37 As he was now approaching the path down from the Mount of Olives, the whole multitude of the disciples began to praise God joyfully with a loud voice for all the deeds of power that they had seen, 38 saying, "Blessed is the king who comes in the name of the Lord! Peace in heaven, and glory in the highest heaven!" 39 Some of the Pharisees in the crowd said to him, "Teacher, order your disciples to stop." 40 He answered, "I tell you, if these were silent, the stones would shout out." 

This entry into the holy city of Jerusalem is known as the Triumphal Entry and it is recorded in all the 4 gospels [Mt 21:8-11; Mk 11:7-11; Lk 19:35-44; Jn 12:12-19]. And I would like to spend a few minutes to ponder on the significance of this entrance and this day. 

1. Firstly, Jesus enters Jerusalem to complete His work as the Messiah:

And what was that work?

His work was to fulfill His Father’s will, knowing full well that fulfilling His Father’s will involved walking a path that is filled with pain and suffering which will ultimately end in His destruction. 

Jesus knew all that He had to endure to obtain salvation for human kind – the plotting and scheming of the Pharisees and the religious leaders, the betrayal of His friends, the fickle mindedness of the crowd who would one moment cry “crown Him, crown Him” and the next “crucify Him, crucify Him” the arrest, the scourging, the thorns, the cross, the mockery, the jeering, the hatred – the total rejection of Him in every way.

He saw it all by His divine eye and yet, never once did He weep for Himself or His plight. He wept for Lazarus and for Jerusalem (when He foresaw her destruction), but never once for Himself.  

Never once did He waver from the will of the Father. In fact, Luke says in chap 9:51Now when the days drew near for Him to be taken up, Jesus set out resolutely (decisively /purposefully) to go to Jerusalem.

[The KJV says it like this: “And it came to pass, when the time was come that He should be received up, He set his face steadfastly to go to Jerusalem.”] 

There is such determination here. He knew what He had to face in the city of Jerusalem and His heart must have quaked inside of Him at the terror of it all but He was determined to complete what He had set out to do. It must have been one of the most difficult decisions that any human being would have ever had to make. 

Max Lucado in his book “AND THE ANGELS WERE SILENT” writes: “Forget any suggestion that Jesus was trapped. Erase any theory that Jesus made a miscalculation. Ignore any speculation that the cross was a last-ditch attempt to salvage a dying mission. For if these words tell us anything, they tell us that Jesus died…on purpose. No surprises. No hesitation. No faltering.
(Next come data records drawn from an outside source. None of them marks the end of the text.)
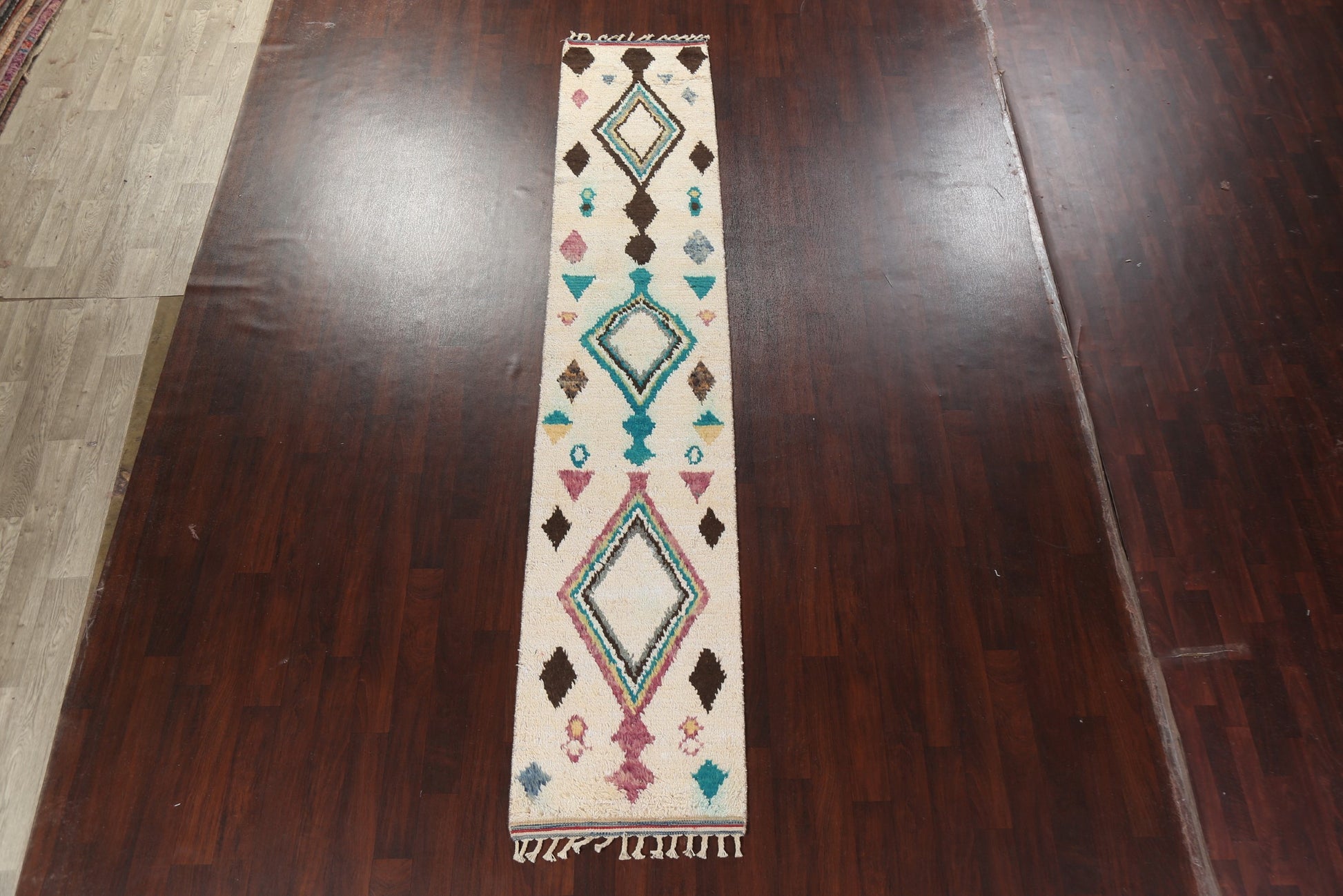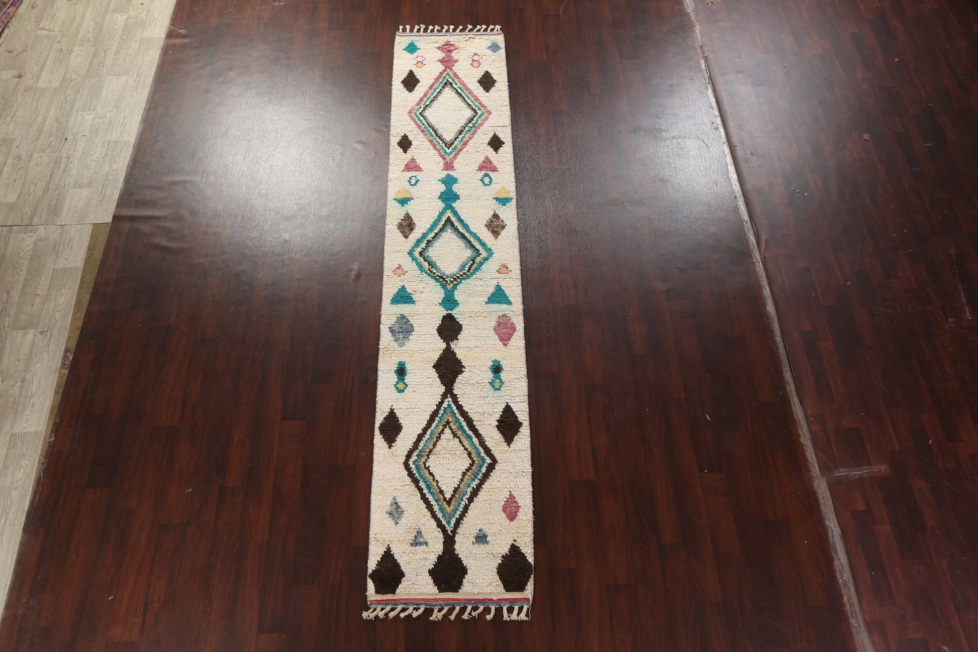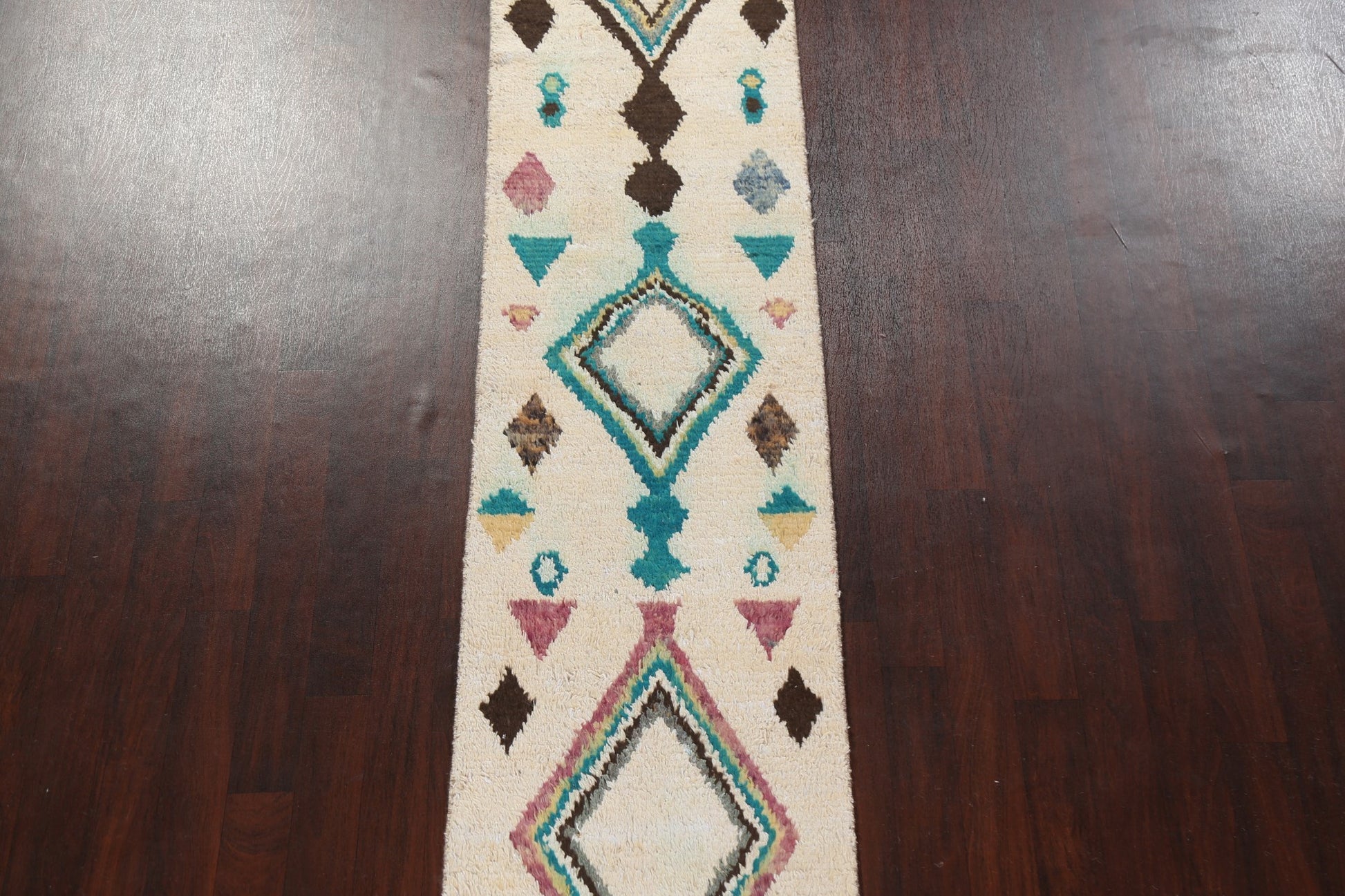 A Beautiful Genuine Morocco Moroccan rug is Hand Knotted by skillful weavers in Morocco with 100% Wool Material. This rug is in New, First Quality condition. dimensions are 12' 8'' X 2' 6'' in foot and 386 X 76 in centimeter. the primary color is Beige & Ivories.
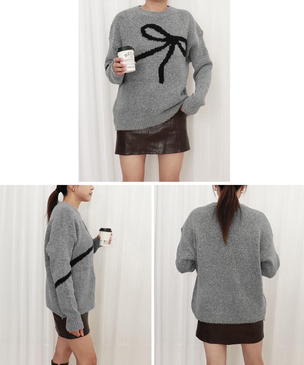 大きなリボン柄が目を惹くニットトップス。
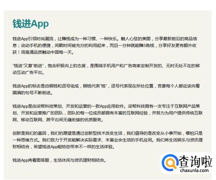 钱进不是锁频软件,是比较常见的广告浏览APP。用户通过观看广告和回答问题来取得收益,一般每天花费5~8分钟,有0.5元左右的收入。不过广告投放时段有限,过了投放区间就没有广告能点击了。
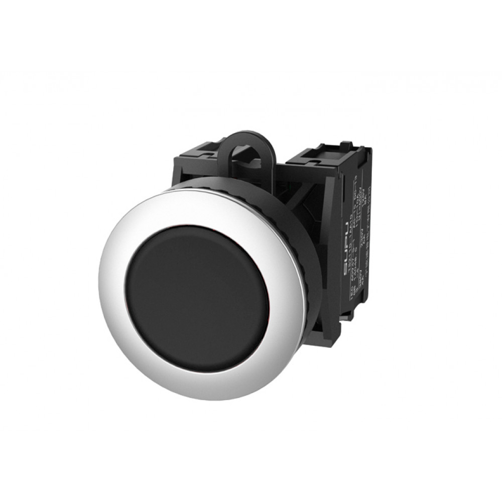 Кнопка круглая плоская, без блокировки, без подсветки, утопленное алюминиевое переднее кольцо, с плавным нажатием, с контактной группой 2NO, диаметр головки кнопки 36 мм, диаметр посадочного отверстия: 22 мм, цвет: черный
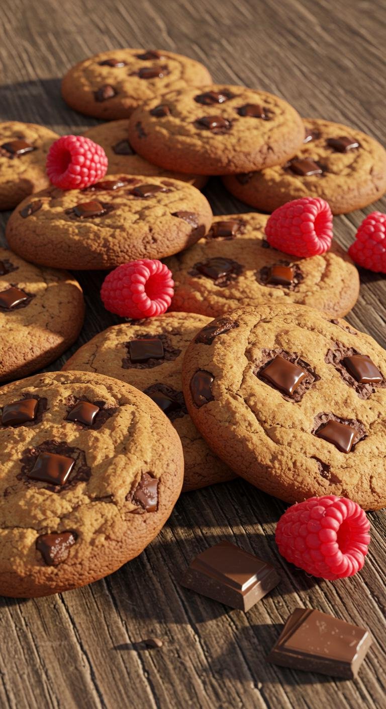 - Beat in eggs and vanilla, then blend in dry ingredients. Gently fold in chocolate chips and raspberries.
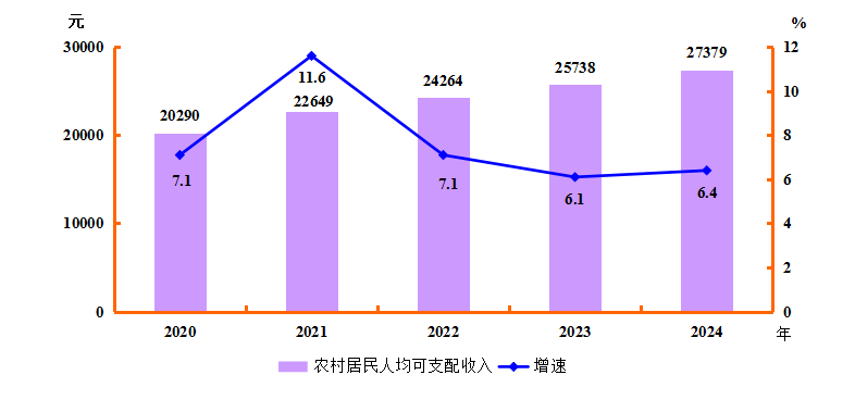 图10 2020-2024年农村居民人均可支配收入及增速
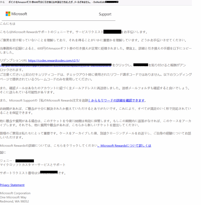 microsoft rewardポイントをamazonギフト券に引き換える申請がSMSメッセージが来ないために出来ずに
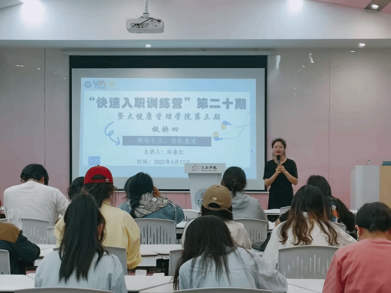 向春红老师围绕“职场礼仪与求职渠道”主题,为学员补全求职最后一环。从着装规范、线上沟通礼仪到行业人脉拓展,向老师以细节为抓手,全面解析职场软实力。她特别提醒学员:“礼仪不是形式主义,而是尊重与专业的体现。”此外,老师还分享了内推渠道、行业峰会、实习转正等高效求职路径,并推荐了多个垂直领域招聘平台,极大的填补了学员对职场隐性规则的认知空白,助力其从“学生思维”向“职业思维”转型,让同学们认识到:原来求职不仅是投简历,更是个人品牌的长期经营。
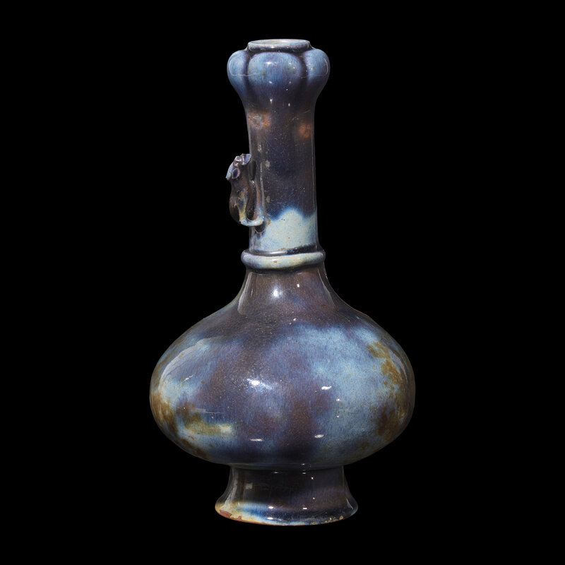 An Unusual Chinese Mottled Blue Glazed Archaistic Garlic Mouth Vase, Mid 18th Century or Later
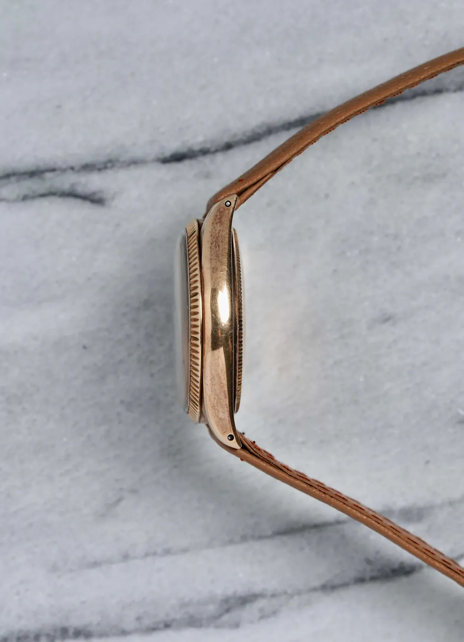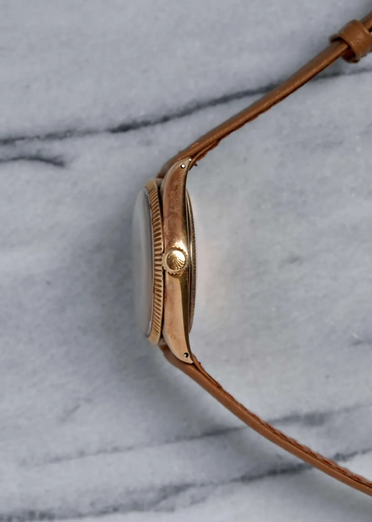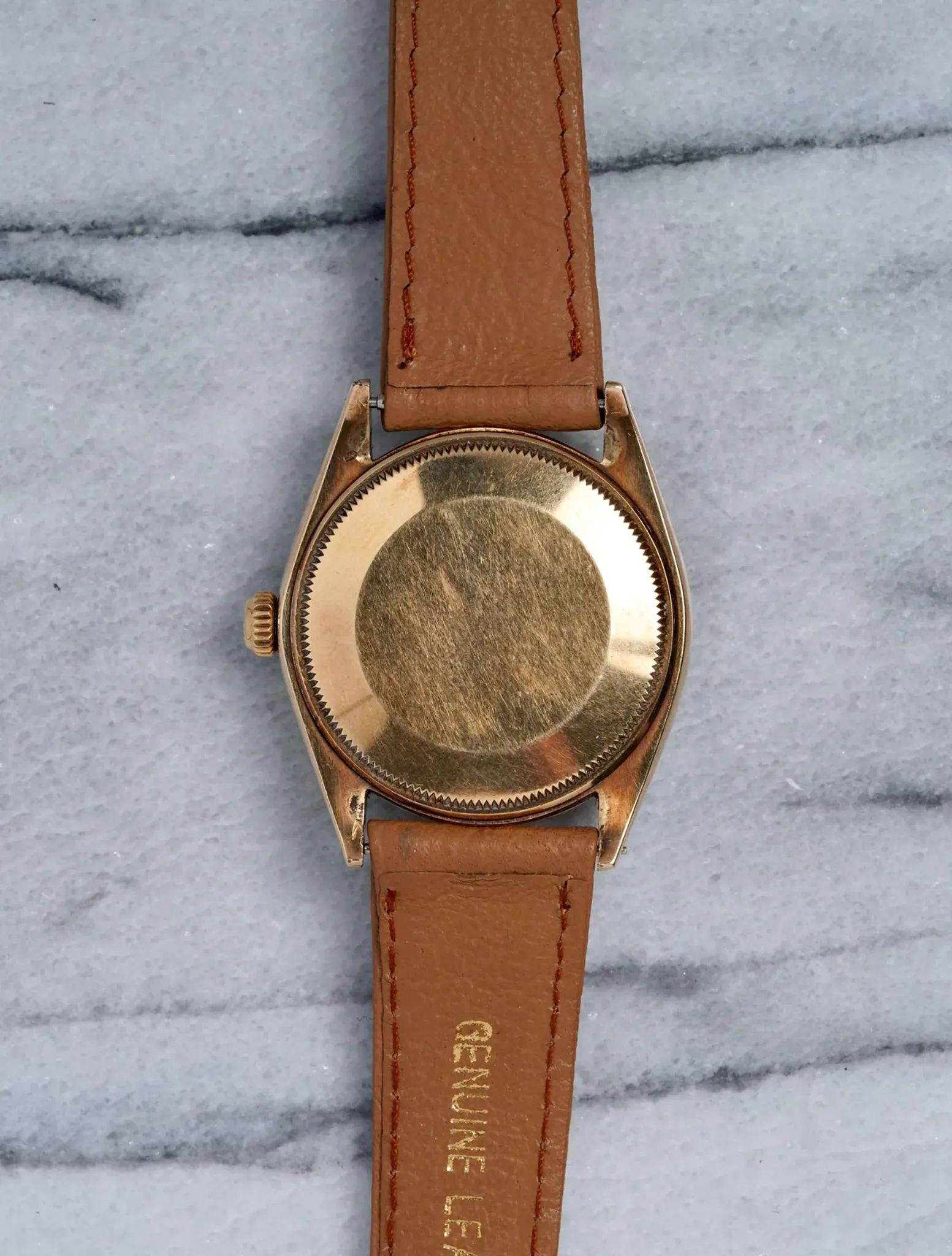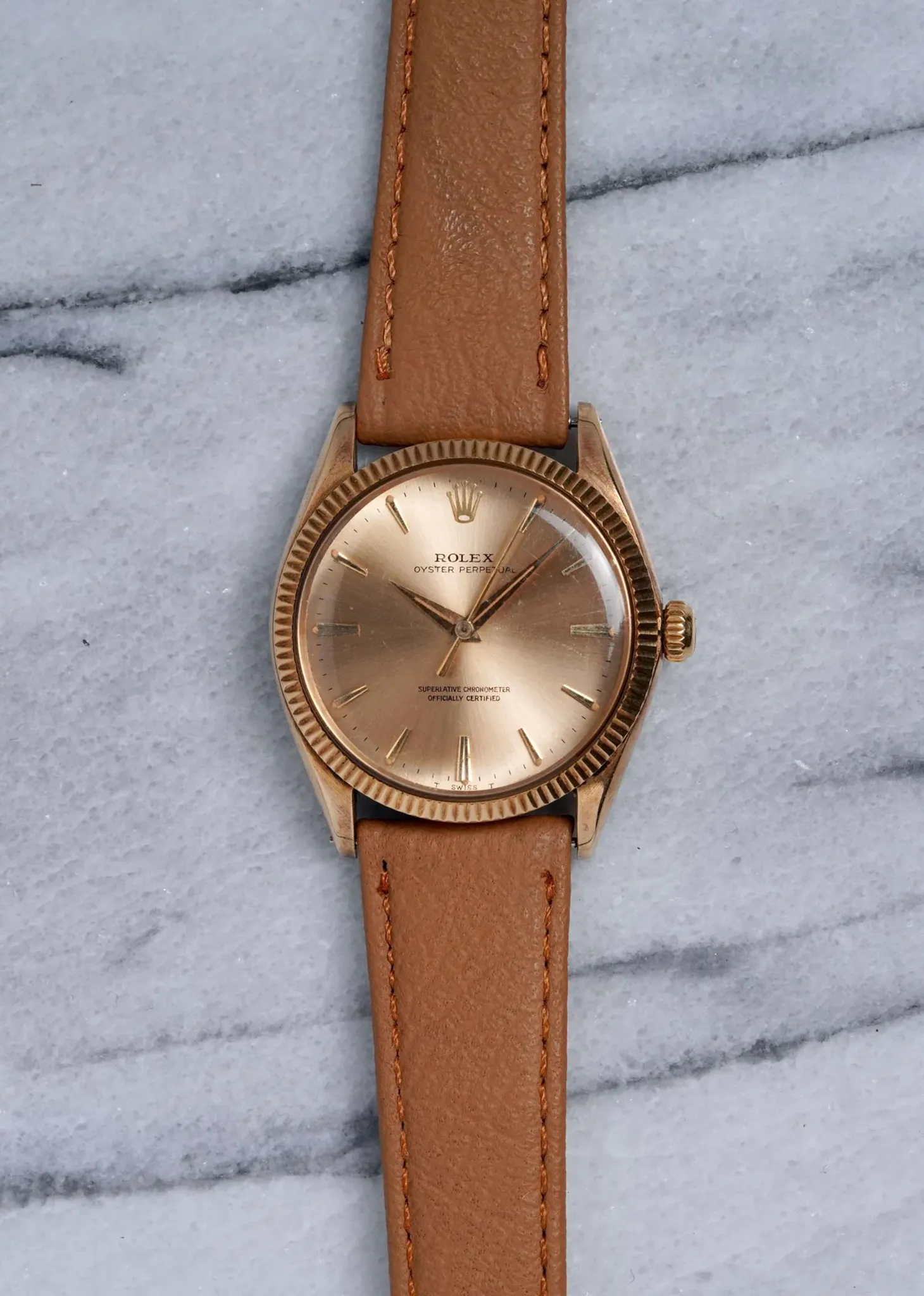 Here’s a vintage Rolex Oyster Perpetual from the 1970’s with a 14k yellow gold case and a clean Champagne dial with even creamy patina on the lume plots and the dauphine hands. The reference number is 1005. Keeps great time and is fully functional. Measurements of the case is 34mm. It's on a brown leather strap with a gold plated buckle. It has a solid 14k yellow gold case back. Dauphine hands. Both the dial and crystal are free from any scratches. All parts are original including the dial, crown, movement, and caseback. Both the dial and case are in great cosmetic, untouched condition.
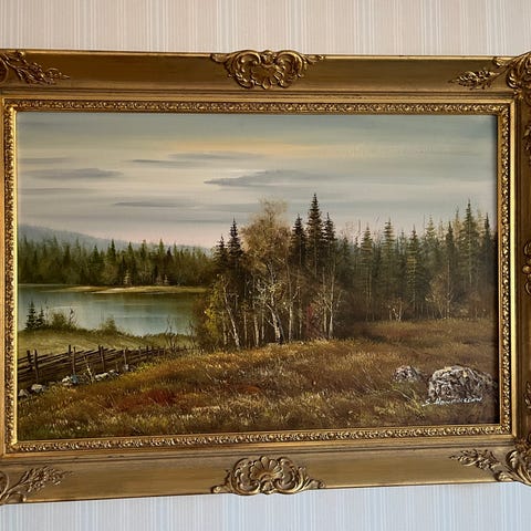 Myynnissä järvimaisema veneellä taulu Aulangonjärvestä Hämeenlinnasta. Signeeraus Raudsepp. Leveys 78cm, korkeus 58cm
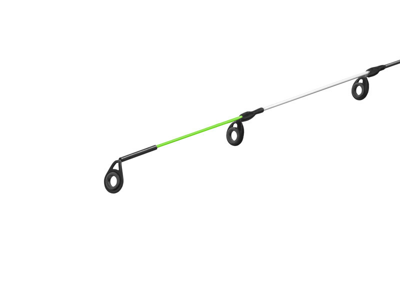 Blank prúta dostal preformované, dvojstopé očká s SIC vložkami, ktoré vynikajúco vedú šnúru a zároveň zabraňujú zamotaniu počas nahadzovania. Čierna farba očiek, ako aj matný blank prúta a korková rukoväť vytvárajú športovo-elegantný dizajn, ktorý sme doplnili sviežymi bielymi a zelenými prvkami.

No, the journey to Jerusalem did not begin in Jericho. It did not begin in Galilee. It didn’t even begin in Bethlehem. The journey to the cross began long before. As the echo of the crunching of the fruit was still sounding in the Garden of Eden, Jesus was leaving for Calvary. 

How does one explain such love, such compassion, such sacrifice? I can’t.

All I can do is wonder at it, marvel at it and feel humbled by it, and with a heart filled with gratitude accept what had been done for my sake and follow Him and serve Him all my life. 

2. Secondly, this passage shows us that the Messiah came to bring peace. 

Throughout His ministry Jesus had continually suppressed and clamped down on public acclamation of Himself and avoided popularity. To those whom He healed, Jesus told specifically not to tell anyone about Him and what He had done for them. When after the feeding of the 5,000, there was an attempt to take Him by force and make Him King, Jesus resisted and “withdrew again to the mountain by Himself alone” [Jn 6:15]. This was the His typical reaction. But on this occasion of His entry into Jerusalem, His response was different.  

He had sent 2 of His disciples to go and get a young donkey for Him. When they brought it to Him, they threw their garments on it and sat Jesus on it. And as He rode along, the people kept throwing their cloaks on the road. And as He was descending the Mount of Olives toward the gates of Jerusalem, the whole multitude of disciples began to praise God joyfully with a loud voice for all the powerful deeds they had seen and said ” Blessed is the King who comes in the name of the Lord! Peace in heaven and glory in the highest heaven!” 

Did Jesus shush them?

No He did not. In fact, He allowed the crowd to praise Him and treat Him like a king.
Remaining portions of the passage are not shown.